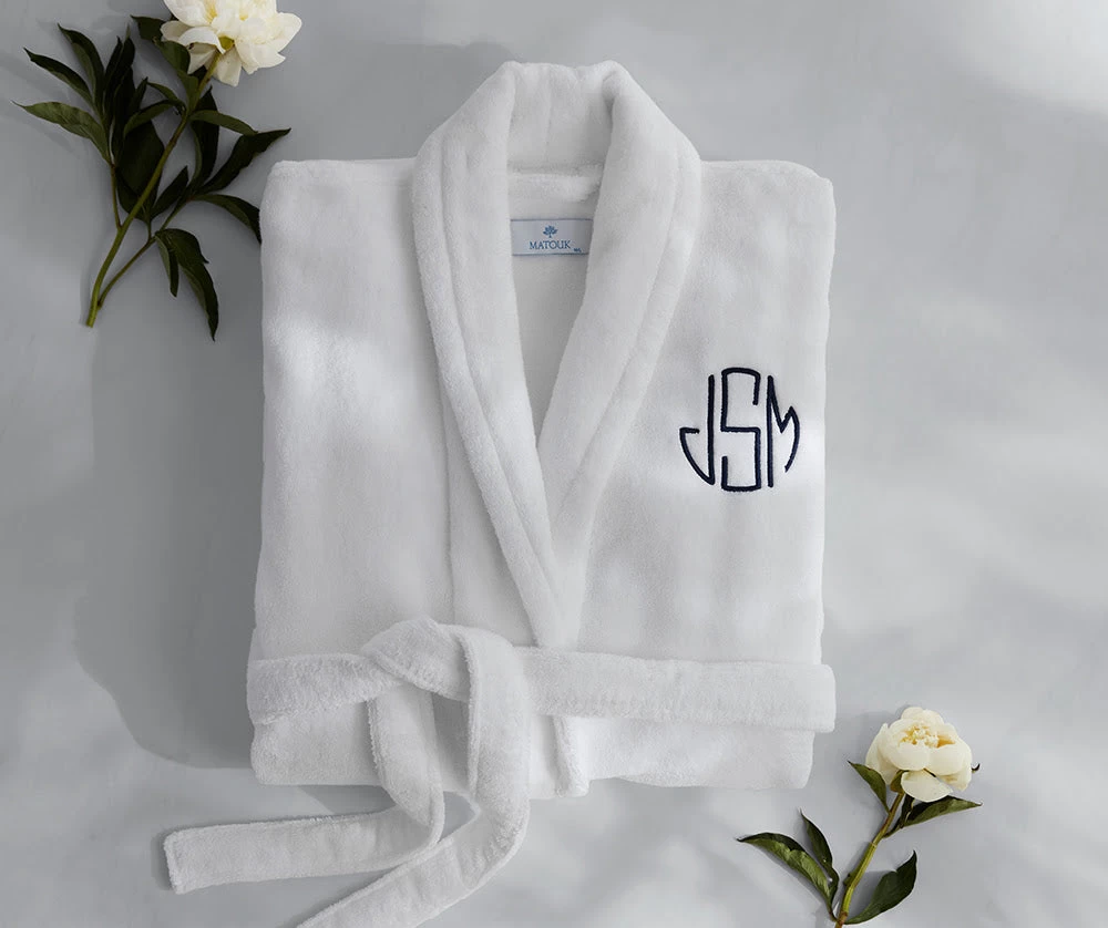 Personalize your Matouk robe with custom, hand-guided embroidery.
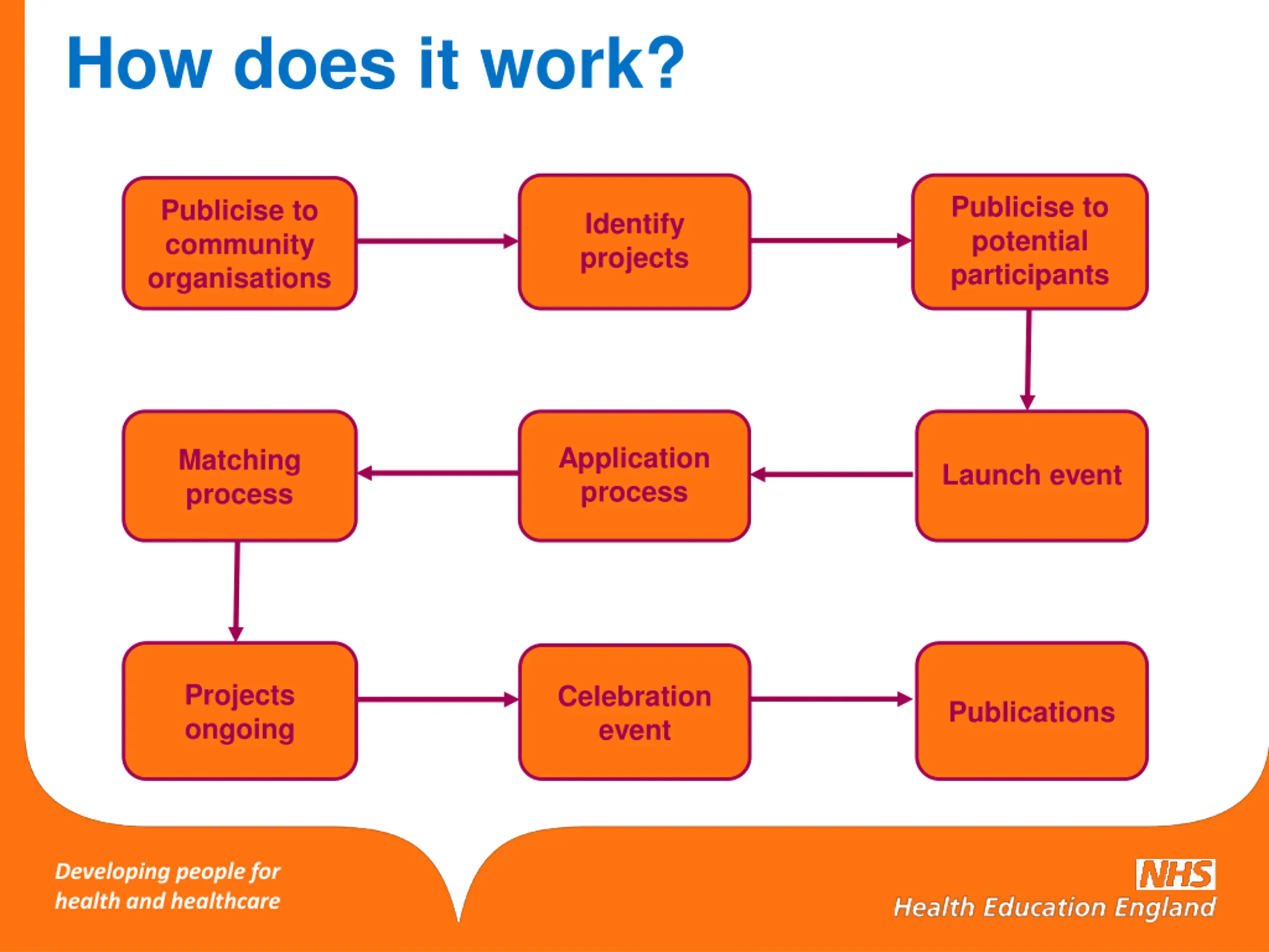How does it work? Publicise to potential participants Publicise to community organisations Identify projects Application process Matching process Launch event Projects ongoing Celebration event Publications Developing people for health and healthcare
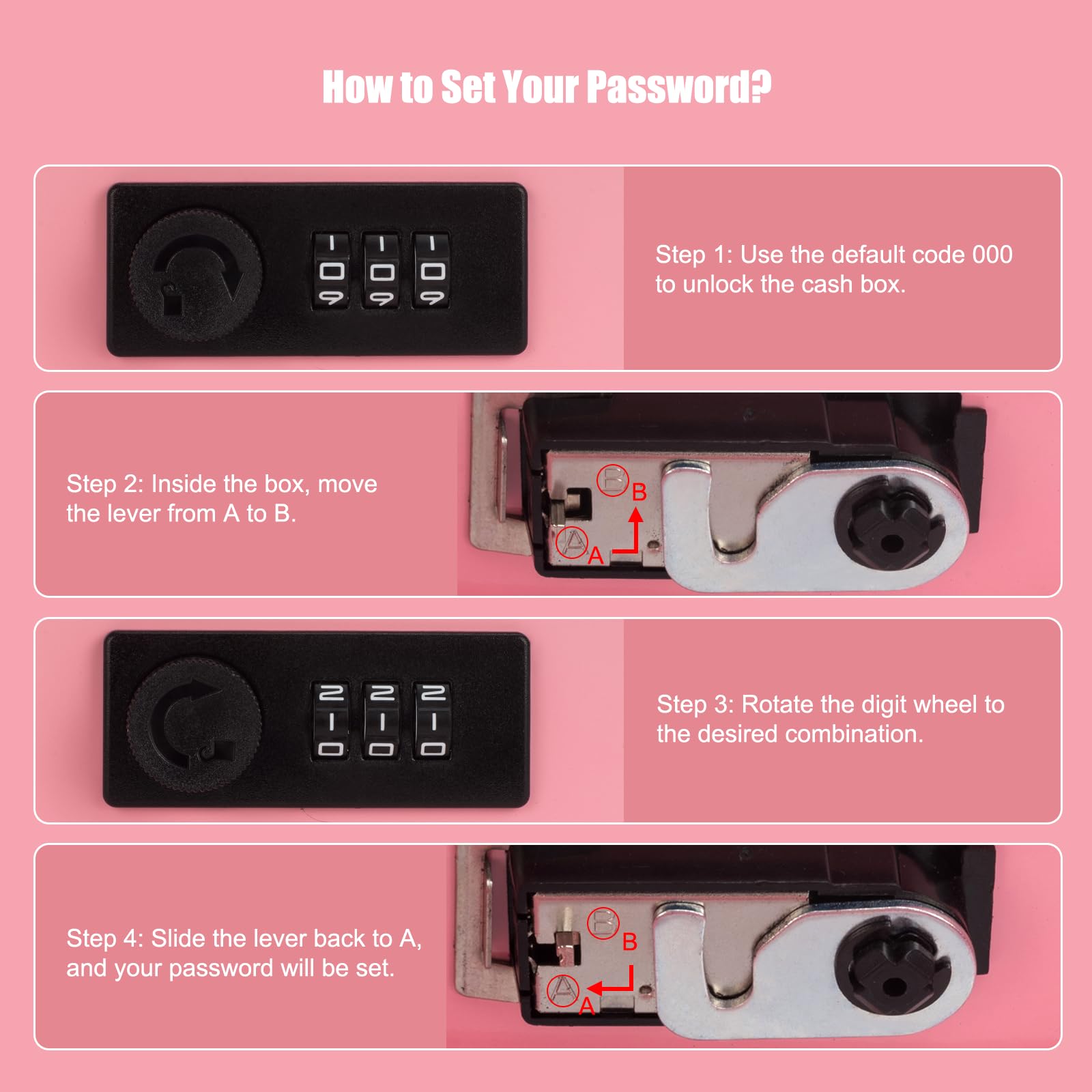 CONVENIENT COMBINATION LOCK: the metal cash box with combination lock is equipped with a three-digit combination lock, which can be easily set and reset. This safe box for money is highly convenient to use, eliminating the need to worry about losing keys
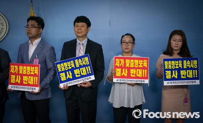 (서울=포커스뉴스) 31일 오전 서울 여의도 국회 정론관에서 한정애 더불어민주당 의원과 장진환 한국민간어린이집연합회장 등 관계자들이 어린이집 생존권 위협하는 맞춤형 보육 철회 촉구 기자회견을 하고 있다.
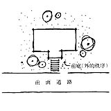 そういったことは、住宅の配置計画などでもあるのでありまして、たとえば、これをわが国の住宅の配置というふうに考えてみますと、道路がありまして、ここに一軒の家の塀があるとしますと、この塀に囲まれた中の空間はいったいどういうことかといいますと、少なくとも自分の土地でありますから、これは、自分が勝手にしていいところの土地であるというふうに考えられますから、これは、完全に内部の空間である、あるいは、内的秩序の空間であるというふうに考えられます。それに対しましてこれは、たとえばアメリカあるいはオーストラリアのシドニーあたり行ってみますと、道から非常に綺麗な家が建っております。ここに、いわゆるフロント・ガーデンというのがございます。フロント・ガーデンはいったい誰に属するかといっていろいろ考えてみますと、ここに窓がありますが、実際この家の中に入ってみますと、窓からこのフロント・ガーデンはあまりよく見えない。その代わり、道を歩いている人には非常によく見えるのであります。また、この辺の庭に関しましては、隣近所も非常に注意をはらっておりまして、きたなくすることに対して非常に批判もあるし、また、奇麗な庭を造れば、コンテストによって表彰されることもある。この辺の空間は、たしかに家の前の空間であるには違いないけれども、質的に、あるいは、市民感情として、意識の上で外部ということがいえると思うわけです。これは、全く同じ家の前の空いている空間でありますが、そのように違うということがいえます。
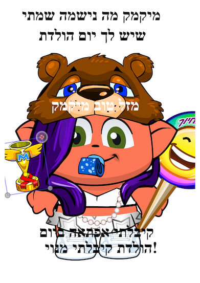 מזל טוב מיקמק היום יש לו יום הולדת!!!!! מזל טוב אני אוהבת אותך שתיזכה לשנים רבות ושהילדים שלי ישחקו בך אמן הוא אביא לכול מיקמק מנוי איזה מגניב ליכבוד היום הולדת שלו איזה כף תודה מיקמק ויוצרי מיקמק על זה שיצרתם את מיקמק תודה
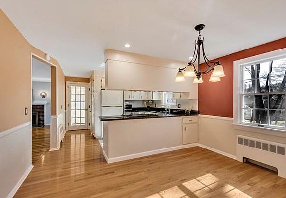 A rare opportunity to own this meticulously maintained classic ranch! Sitting in a quiet neighborhood behind town center, with walking distance to middle and high schools, library, playground and shopping center, this incredibly located darling is ready to be called your home. Hard wood floors throughout first floor, bright kitchen with granite countertop, new GE range with self-cleaning stove and rangehood with exterior ventilation, fireplaced living room, enclosed porch overseeing the fenced backyard, 3 good sized bedrooms, and updated full bath. Gorgeously finished lower level boasts half bath, laundry, a bedroom/playroom and a large tiled family room with a direct access to the garage. Newer roof (2013) and furnace (2012). Front yard sprinkler system. Welcome Home! Vacant and easy to show!
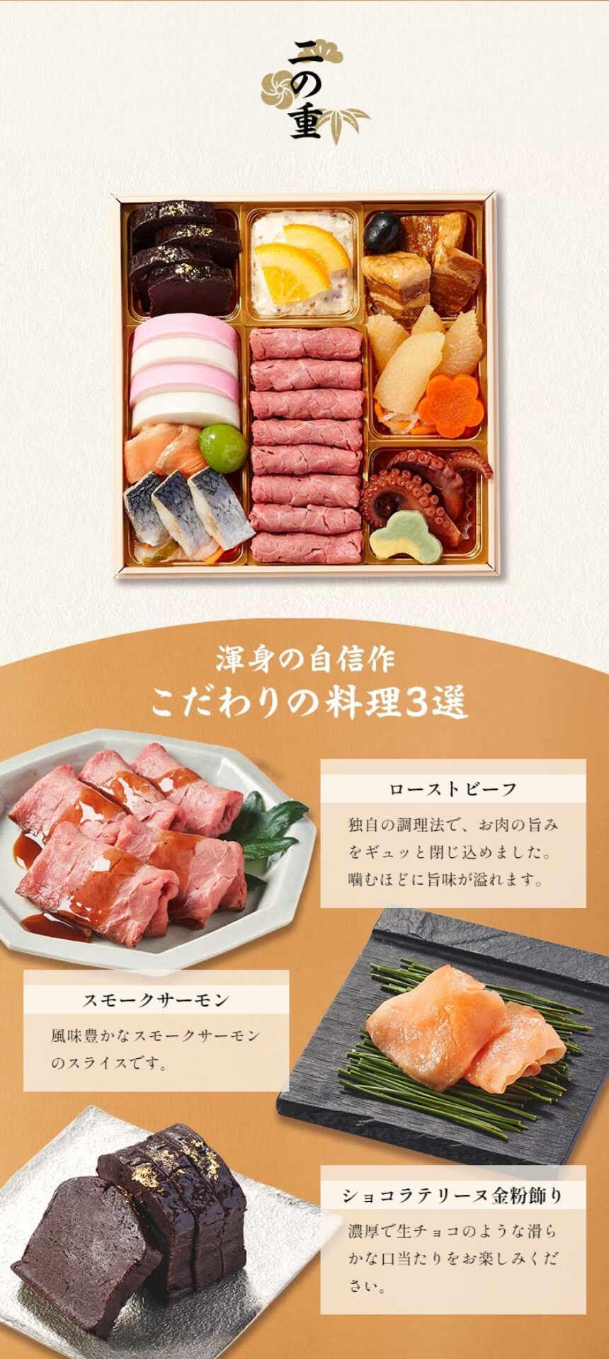 笹餅こしあん,きんかんさわやか煮,ほたて煮,寿高野,伊達巻,海老旨煮,味付焼筍,黒豆煮金粉飾り,カレイ西京焼,梅麩甘露煮,紅はるか栗きんとん,焼き湯葉巻,鶏肉三色巻,手まり麩,ショコラテリーヌ金粉飾り,蒲鉾赤,蒲鉾白,彩野菜マリネ,にしん昆布〆,スモークサーモン,若桃甘露煮,クリームチーズとフルーツピールオレンジ添え,ローストビーフ,豚角煮,ライプオリーブ,紅白なます,味付数の子,梅人参旨煮,蛸照り焼き,松麩甘露煮
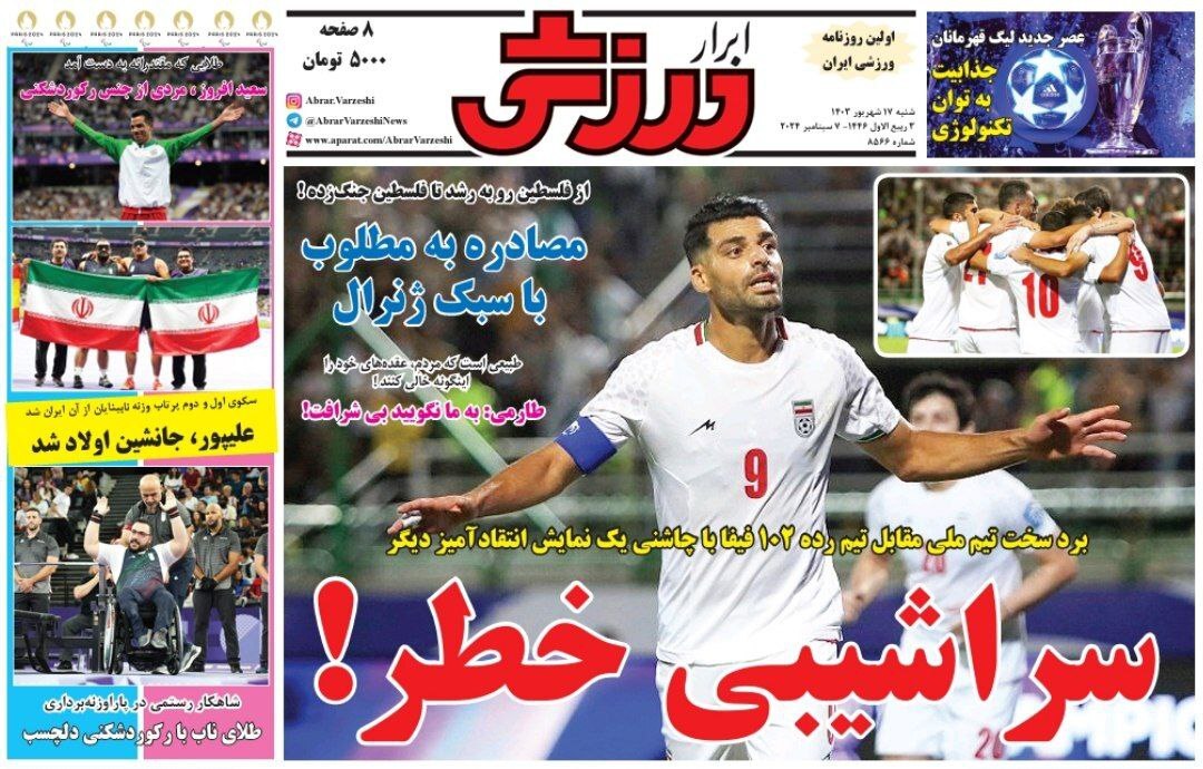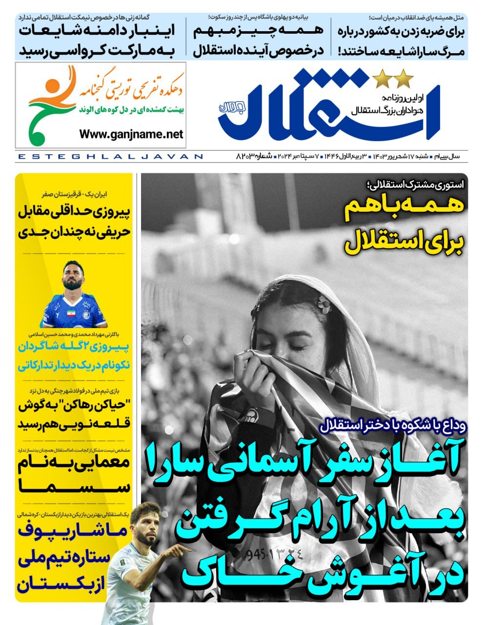روزنامه های ورزشی شنبه 17 شهریور 1403
==============================
Task to carry out
Return every entry above word for word, leaving pictures out.

Worked solution
 Personalize your Matouk robe with custom, hand-guided embroidery.
How does it work? Publicise to potential participants Publicise to community organisations Identify projects Application process Matching process Launch event Projects ongoing Celebration event Publications Developing people for health and healthcare
 CONVENIENT COMBINATION LOCK: the metal cash box with combination lock is equipped with a three-digit combination lock, which can be easily set and reset. This safe box for money is highly convenient to use, eliminating the need to worry about losing keys
 (서울=포커스뉴스) 31일 오전 서울 여의도 국회 정론관에서 한정애 더불어민주당 의원과 장진환 한국민간어린이집연합회장 등 관계자들이 어린이집 생존권 위협하는 맞춤형 보육 철회 촉구 기자회견을 하고 있다.
 そういったことは、住宅の配置計画などでもあるのでありまして、たとえば、これをわが国の住宅の配置というふうに考えてみますと、道路がありまして、ここに一軒の家の塀があるとしますと、この塀に囲まれた中の空間はいったいどういうことかといいますと、少なくとも自分の土地でありますから、これは、自分が勝手にしていいところの土地であるというふうに考えられますから、これは、完全に内部の空間である、あるいは、内的秩序の空間であるというふうに考えられます。それに対しましてこれは、たとえばアメリカあるいはオーストラリアのシドニーあたり行ってみますと、道から非常に綺麗な家が建っております。ここに、いわゆるフロント・ガーデンというのがございます。フロント・ガーデンはいったい誰に属するかといっていろいろ考えてみますと、ここに窓がありますが、実際この家の中に入ってみますと、窓からこのフロント・ガーデンはあまりよく見えない。その代わり、道を歩いている人には非常によく見えるのであります。また、この辺の庭に関しましては、隣近所も非常に注意をはらっておりまして、きたなくすることに対して非常に批判もあるし、また、奇麗な庭を造れば、コンテストによって表彰されることもある。この辺の空間は、たしかに家の前の空間であるには違いないけれども、質的に、あるいは、市民感情として、意識の上で外部ということがいえると思うわけです。これは、全く同じ家の前の空いている空間でありますが、そのように違うということがいえます。
 מזל טוב מיקמק היום יש לו יום הולדת!!!!! מזל טוב אני אוהבת אותך שתיזכה לשנים רבות ושהילדים שלי ישחקו בך אמן הוא אביא לכול מיקמק מנוי איזה מגניב ליכבוד היום הולדת שלו איזה כף תודה מיקמק ויוצרי מיקמק על זה שיצרתם את מיקמק תודה
 A rare opportunity to own this meticulously maintained classic ranch! Sitting in a quiet neighborhood behind town center, with walking distance to middle and high schools, library, playground and shopping center, this incredibly located darling is ready to be called your home. Hard wood floors throughout first floor, bright kitchen with granite countertop, new GE range with self-cleaning stove and rangehood with exterior ventilation, fireplaced living room, enclosed porch overseeing the fenced backyard, 3 good sized bedrooms, and updated full bath. Gorgeously finished lower level boasts half bath, laundry, a bedroom/playroom and a large tiled family room with a direct access to the garage. Newer roof (2013) and furnace (2012). Front yard sprinkler system. Welcome Home! Vacant and easy to show!
 笹餅こしあん,きんかんさわやか煮,ほたて煮,寿高野,伊達巻,海老旨煮,味付焼筍,黒豆煮金粉飾り,カレイ西京焼,梅麩甘露煮,紅はるか栗きんとん,焼き湯葉巻,鶏肉三色巻,手まり麩,ショコラテリーヌ金粉飾り,蒲鉾赤,蒲鉾白,彩野菜マリネ,にしん昆布〆,スモークサーモン,若桃甘露煮,クリームチーズとフルーツピールオレンジ添え,ローストビーフ,豚角煮,ライプオリーブ,紅白なます,味付数の子,梅人参旨煮,蛸照り焼き,松麩甘露煮
روزنامه های ورزشی شنبه 17 شهریور 1403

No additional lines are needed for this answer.